At the end of three weeks, in the culture of dermal fibroblasts with ascorbic acid supplementation, the fibroblasts had secreted their own biological matrix. The cells also released factors into this matrix, which resulted in HDMECs having endothelial cell-matrix interactions and fibroblast-endothelial cell contact. However, the endothelialized fibroblast sheets were not sufficiently manipulable at this stage, so the sheets were transposed one week later. At that time, a whole-amount IF staining procedure was undertaken and redone on a weekly basis thereafter. Samples from the fifth week showed that HDMECs had constructed large and small colonies on the fibroblast sheets (Figures 4(a) and 4(b)). The following week (sixth week), we observed that HDMEC colonies had started to breakdown, and a leader cell formation (tip cell) from the colonies was seen to have penetrated the fibroblast-secreted matrix (Figures 4(c) and 4(d)). In addition, we observed that the cells around the colonies had self-organized, lengthened, and stretched to follow the leader cell. In the ensuing weeks (seventh and eighth weeks), the breakdown of the colonies continued and the formation of long tubular structures was observed (Figures 4(e) and 4(f)). Lumen formation was also seen in a CD31 labelled tubular structure (Figure 4(g)). The presence of lumens was confirmed by serial histological cross sections. At the end of the procedure (ninth week), a complex capillary network formation was evident. The eagle-eye observation of substitutes showed tubular density differences between the samples with epidermis and samples without (Figures 4(h) and 4(i)). The bilayered substitutes (Figure 4(h)) displayed more branched, complex, and numerous CLTs than their dermal counterparts (Figure 4(i)).

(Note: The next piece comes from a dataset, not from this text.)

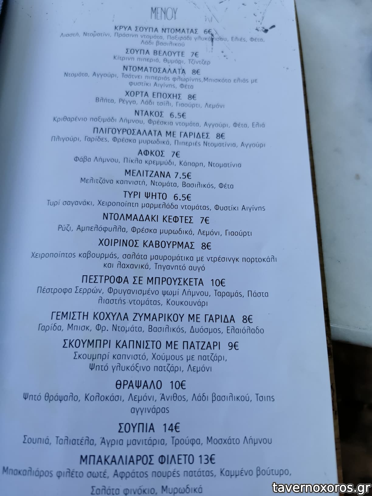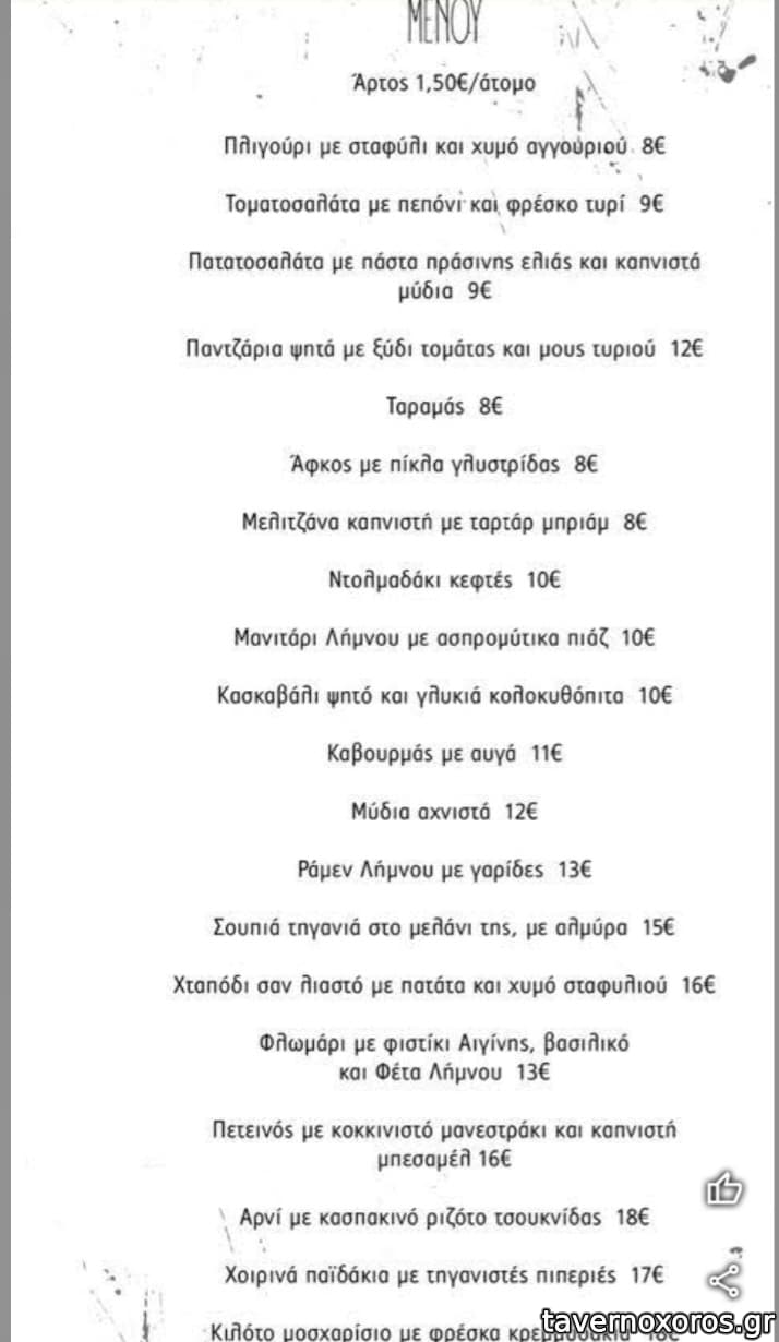 Με 1 λίτρο λευκό Χατζηγεωργίου (καλό) και 1 ποτήρι παλαιωμένο τσίπουρο Λήμνου δώσαμε 70€. Αναμφισβήτητα η καλύτερη γευστική εμπειρία που είχαμε στο νησί. Προτείνεται ξεκάθαρα!

Figure 4: Observation of endothelial cell behaviour with whole-mount immunostaining. The steps of capillary formation in the in vitro skin model on a weekly basis after EC seeding: (a, b) fifth week, (c, d) sixth week, (e) seventh week, (f) eighth week, (g) lumen formation (40x magnification), and (h, i) ninth week, the end of the procedure (all figures (except (g)) were captured at 20x magnification with confocal microscopy) ((scale bar = 100 μm for (a), (b), (c), (e), (h), and (i)) – (scale bar = 50 μm for (f) and (g)) and scale bar = 200 μm for (d)).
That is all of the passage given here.